* TASK TO COMPLETE *
Copy down the listing below exactly. Do not include pictures.

* INFORMATION SHOWN *
■ ■ ■ ■ ■ ■ ■
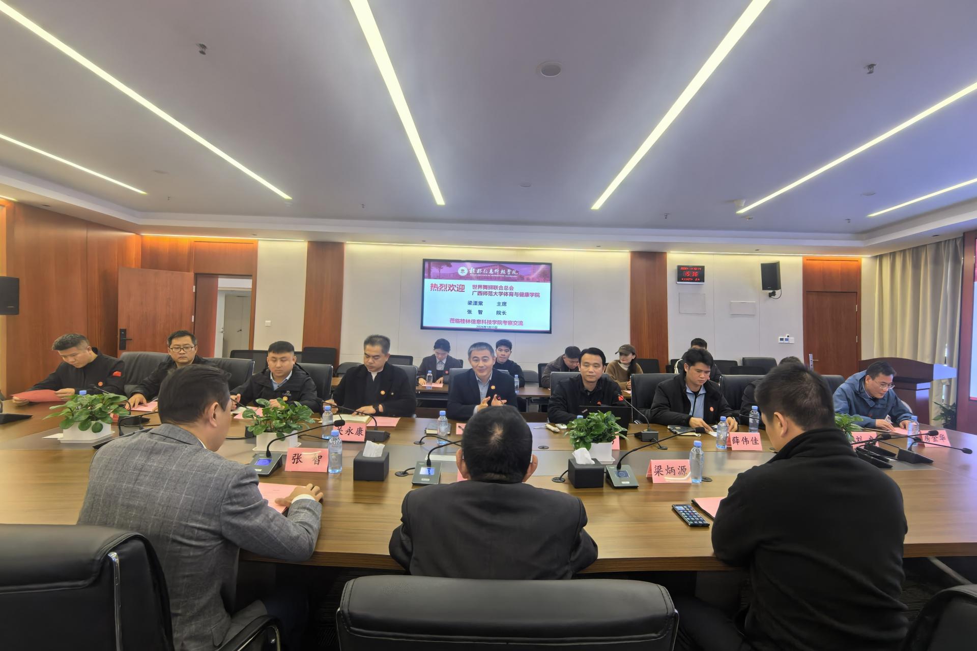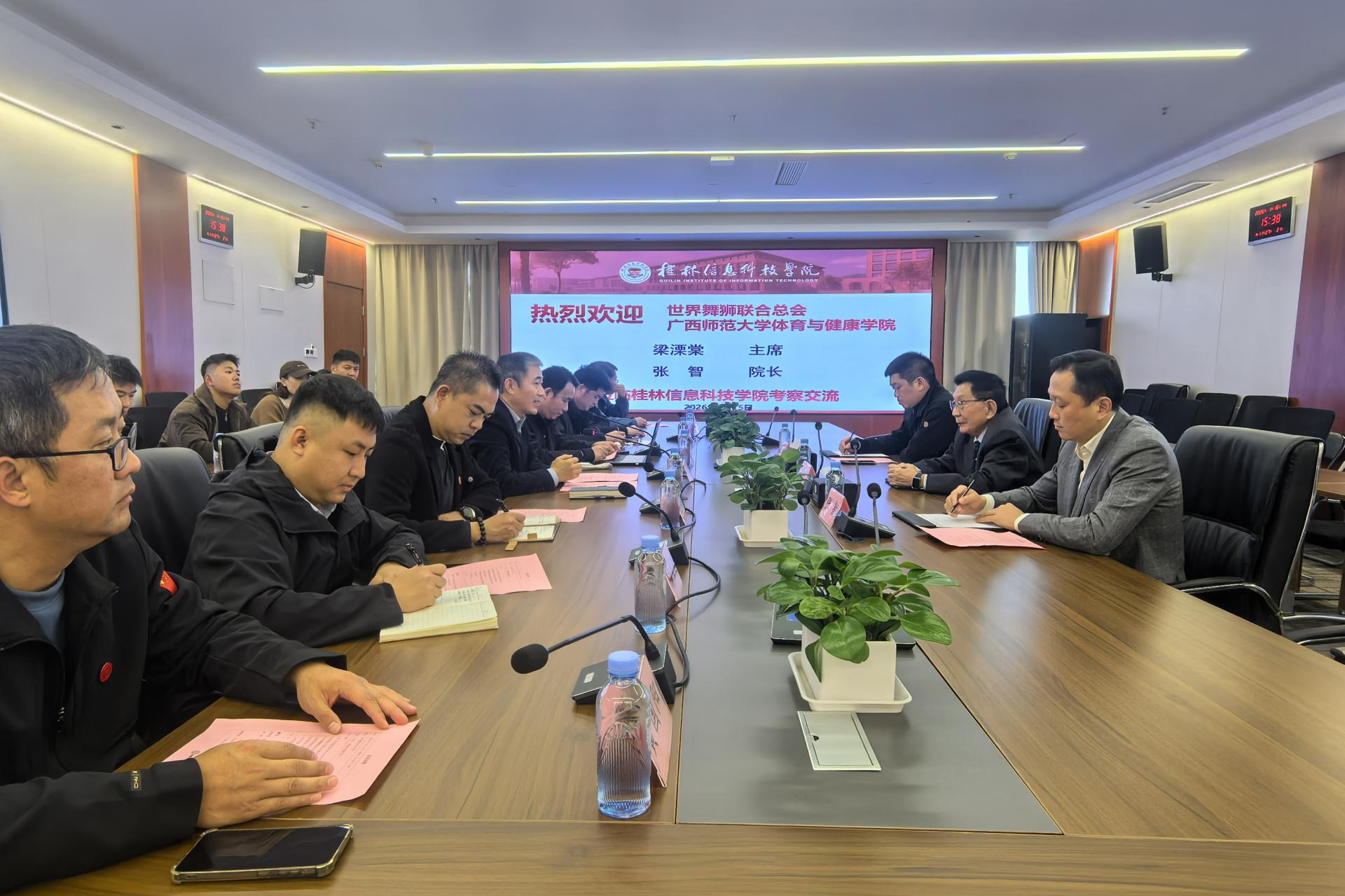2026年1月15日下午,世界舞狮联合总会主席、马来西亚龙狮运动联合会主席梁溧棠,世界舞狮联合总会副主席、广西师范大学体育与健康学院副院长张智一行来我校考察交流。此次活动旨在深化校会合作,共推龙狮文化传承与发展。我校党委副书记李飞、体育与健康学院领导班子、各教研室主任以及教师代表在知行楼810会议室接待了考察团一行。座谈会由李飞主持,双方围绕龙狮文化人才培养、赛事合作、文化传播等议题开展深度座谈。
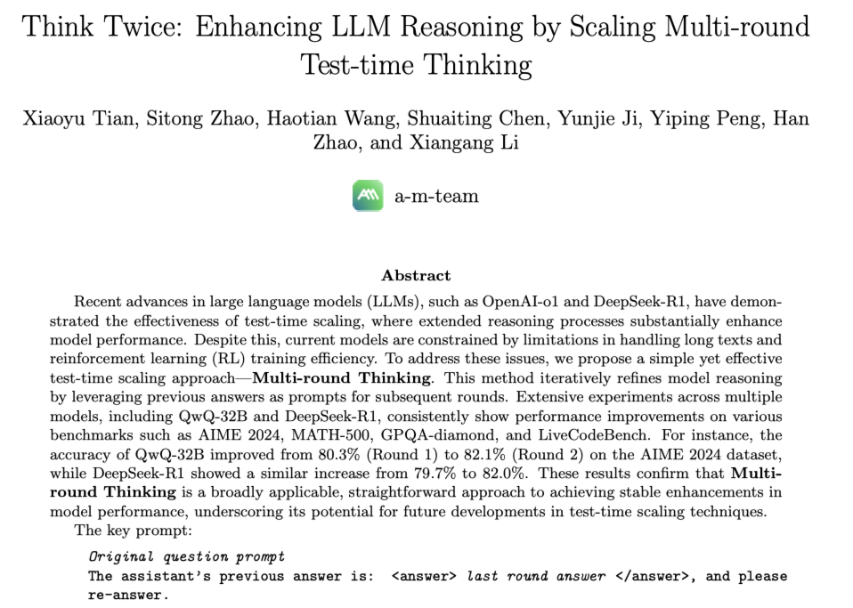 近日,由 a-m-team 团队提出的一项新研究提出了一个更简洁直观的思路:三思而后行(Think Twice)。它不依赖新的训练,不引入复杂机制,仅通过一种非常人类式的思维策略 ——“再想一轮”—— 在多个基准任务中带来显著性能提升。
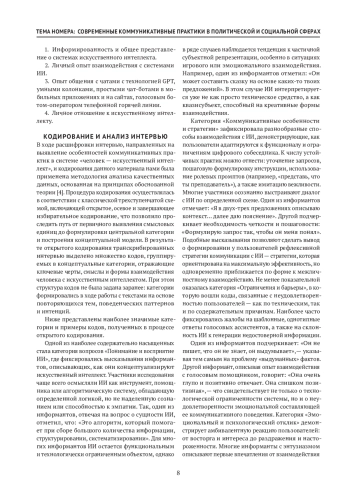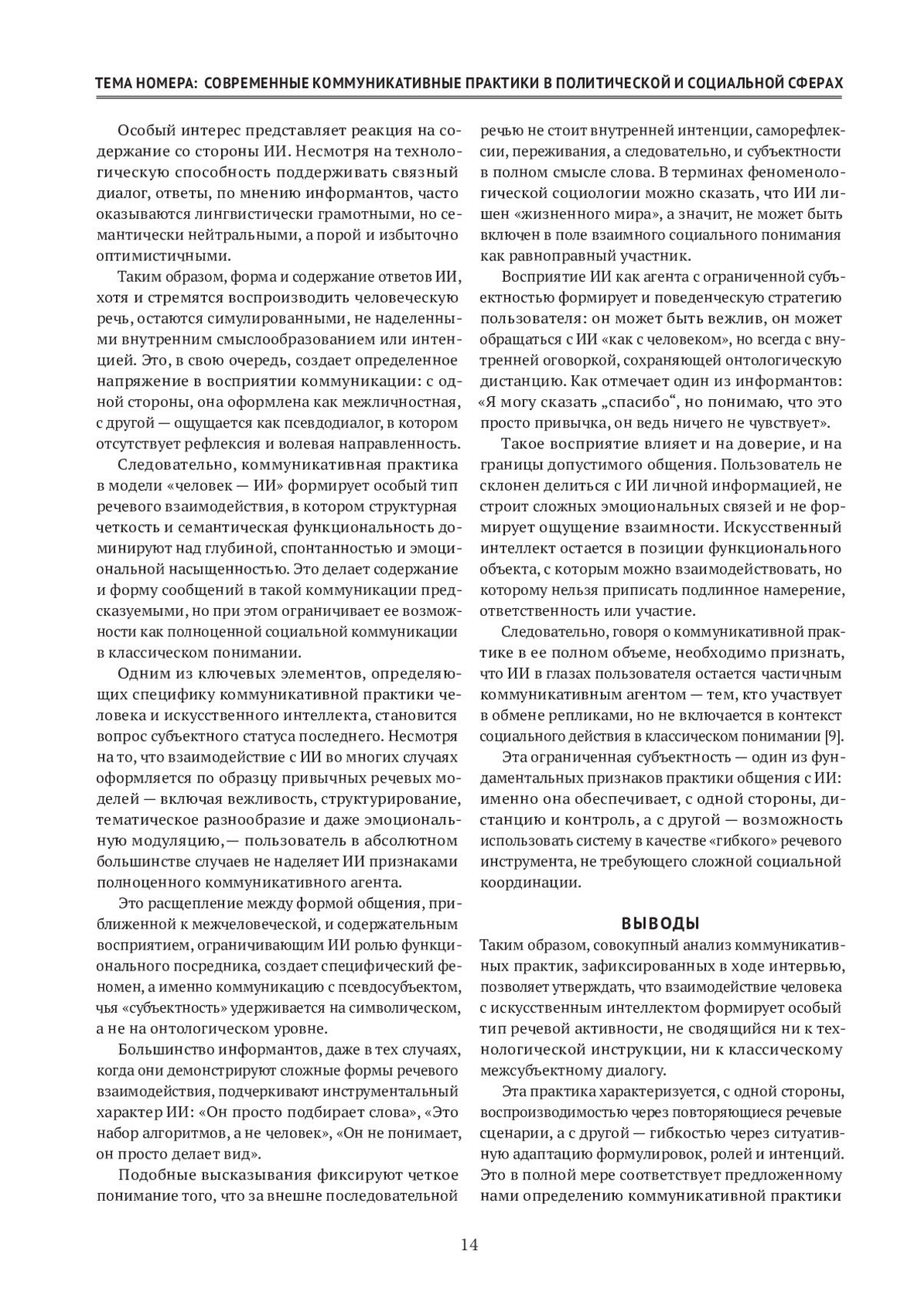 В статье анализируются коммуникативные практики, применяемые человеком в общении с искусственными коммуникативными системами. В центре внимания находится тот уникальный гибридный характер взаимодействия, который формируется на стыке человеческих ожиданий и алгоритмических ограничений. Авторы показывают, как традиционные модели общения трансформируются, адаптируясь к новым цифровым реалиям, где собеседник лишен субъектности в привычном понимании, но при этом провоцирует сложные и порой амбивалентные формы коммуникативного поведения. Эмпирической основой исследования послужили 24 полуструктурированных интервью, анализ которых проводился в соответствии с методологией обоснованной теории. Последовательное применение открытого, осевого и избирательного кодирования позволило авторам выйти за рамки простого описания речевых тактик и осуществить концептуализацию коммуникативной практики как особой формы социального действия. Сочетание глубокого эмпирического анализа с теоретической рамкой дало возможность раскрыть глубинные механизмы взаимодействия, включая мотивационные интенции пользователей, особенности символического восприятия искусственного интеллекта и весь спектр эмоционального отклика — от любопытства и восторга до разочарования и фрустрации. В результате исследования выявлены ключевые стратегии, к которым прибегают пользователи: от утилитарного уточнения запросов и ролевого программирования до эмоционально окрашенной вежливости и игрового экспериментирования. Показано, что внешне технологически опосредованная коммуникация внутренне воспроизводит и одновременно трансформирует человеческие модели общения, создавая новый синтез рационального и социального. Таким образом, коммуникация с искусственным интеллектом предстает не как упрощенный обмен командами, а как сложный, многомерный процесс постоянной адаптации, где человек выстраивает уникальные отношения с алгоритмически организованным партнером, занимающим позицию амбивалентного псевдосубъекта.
■ ■ ■ ■ ■ ■ ■
* ANSWER BOX *
2026年1月15日下午,世界舞狮联合总会主席、马来西亚龙狮运动联合会主席梁溧棠,世界舞狮联合总会副主席、广西师范大学体育与健康学院副院长张智一行来我校考察交流。此次活动旨在深化校会合作,共推龙狮文化传承与发展。我校党委副书记李飞、体育与健康学院领导班子、各教研室主任以及教师代表在知行楼810会议室接待了考察团一行。座谈会由李飞主持,双方围绕龙狮文化人才培养、赛事合作、文化传播等议题开展深度座谈。
 近日,由 a-m-team 团队提出的一项新研究提出了一个更简洁直观的思路:三思而后行(Think Twice)。它不依赖新的训练,不引入复杂机制,仅通过一种非常人类式的思维策略 ——“再想一轮”—— 在多个基准任务中带来显著性能提升。
 В статье анализируются коммуникативные практики, применяемые человеком в общении с искусственными коммуникативными системами. В центре внимания находится тот уникальный гибридный характер взаимодействия, который формируется на стыке человеческих ожиданий и алгоритмических ограничений. Авторы показывают, как традиционные модели общения трансформируются, адаптируясь к новым цифровым реалиям, где собеседник лишен субъектности в привычном понимании, но при этом провоцирует сложные и порой амбивалентные формы коммуникативного поведения. Эмпирической основой исследования послужили 24 полуструктурированных интервью, анализ которых проводился в соответствии с методологией обоснованной теории. Последовательное применение открытого, осевого и избирательного кодирования позволило авторам выйти за рамки простого описания речевых тактик и осуществить концептуализацию коммуникативной практики как особой формы социального действия. Сочетание глубокого эмпирического анализа с теоретической рамкой дало возможность раскрыть глубинные механизмы взаимодействия, включая мотивационные интенции пользователей, особенности символического восприятия искусственного интеллекта и весь спектр эмоционального отклика — от любопытства и восторга до разочарования и фрустрации. В результате исследования выявлены ключевые стратегии, к которым прибегают пользователи: от утилитарного уточнения запросов и ролевого программирования до эмоционально окрашенной вежливости и игрового экспериментирования. Показано, что внешне технологически опосредованная коммуникация внутренне воспроизводит и одновременно трансформирует человеческие модели общения, создавая новый синтез рационального и социального. Таким образом, коммуникация с искусственным интеллектом предстает не как упрощенный обмен командами, а как сложный, многомерный процесс постоянной адаптации, где человек выстраивает уникальные отношения с алгоритмически организованным партнером, занимающим позицию амбивалентного псевдосубъекта.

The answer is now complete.